JH: Especially if you’re running a practice with a lots of mouths to feed.
SG: Yes, exactly. Occasionally you think: wouldn’t it be nice to have one of those jo
bs that, at the end of the day, you can just forget about. Sometimes I get home and I just don’t want to talk. You have to do other things; I have to keep fit and maintain friendships but I’m not very good at that. Thankfully, I have Janey for that. Also, I’ve started to read things that aren’t about architecture. Plus, I run – and we tramp as well as ski. It’s difficult to think entirely about architecture and I’m not sure it’s entirely helpful.
JH: You can live easily within a bubble in the architectural world.
SG: Yes. It’s a bit like what I was saying about Italian, Scandinavian and Māori culture: it’s not isolated, it’s holistic. If you do live in a bubble, I imagine that your architecture must suffer – it’s not going to be a real meaningful thing. There is a lot of architecture that I’ve lost interest in.
JH: That happens when you’ve looked at a lot of architecture.

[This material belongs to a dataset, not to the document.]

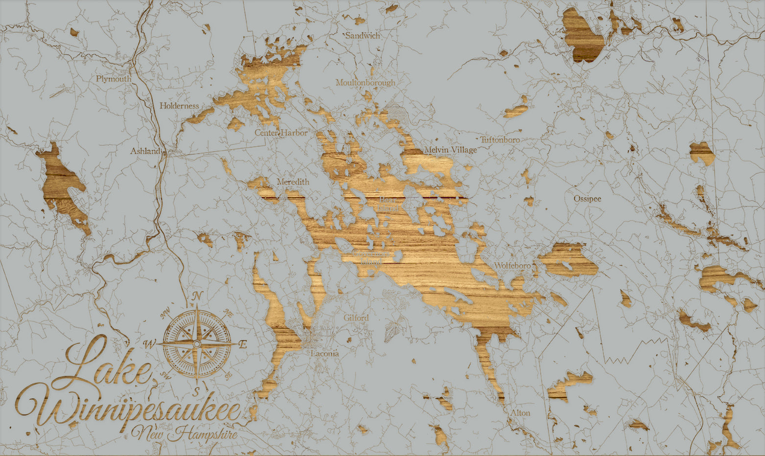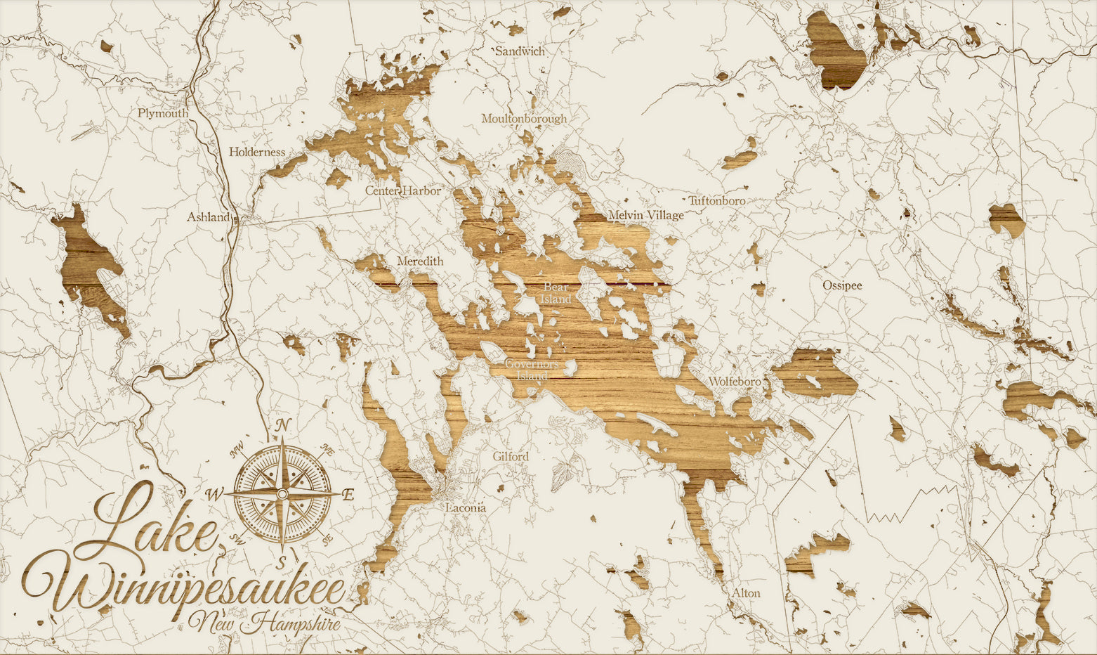 FP0298 - Lake Winnipesaukee Whimsical, NH Engraved Map (Standard)

SG: The fundamentals of architecture is that you have to create space. But so much architecture is worried about sculptural form and sometimes that creates amazing spaces but, frequently, it doesn’t. There is a difference between architecture and product design and sculpture. I think there is a mind and a skill that some people have about creating form. Zaha Hadid and Frank Gehry are two of the most famous architects in the world and they’re creating what I believe to be sculptural architecture. But what is important to me is the creation of space.

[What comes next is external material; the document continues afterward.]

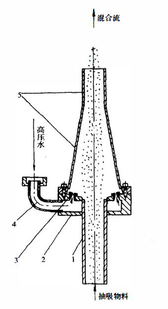 高压水射流某种程度上又叫做高速水射流,其速度接近lOOOm/s也是很正常的。利用高速水射流形成真空引射的特点,仿照水射流真 空泵的原理进行设计,真空喷头便成了高压水射流设备的一个附加功 能件,它以很低的成本在吸上和输送用途中可与射流真空泵相媲美。

JH: And what is space for? People.
SG: Absolutely, it’s about people. It’s for occupation and habitation. It’s about living. When I was at the School of Architecture, John Gray was teaching architectural communication and he was a great sketcher; he would measure up a Victorian house with a tape measure and make us all do it and then draw the house freehand from the measurements with all of the furniture in it.
Now, it’s something I do all of the time. A lot of the work we do is corporate interior design where we are not changing the base building significantly but inhabiting an existing space – recycling or repurposing an existing building, like the City Gallery or Conservation House, or the work we’re doing in Hutt City at the moment. Here, you always draw the furniture and the partitions – the hard and soft fit-outs. You need to know how a building will work.
JH: It’s so frustrating to see a beautiful building that’s dysfunctional.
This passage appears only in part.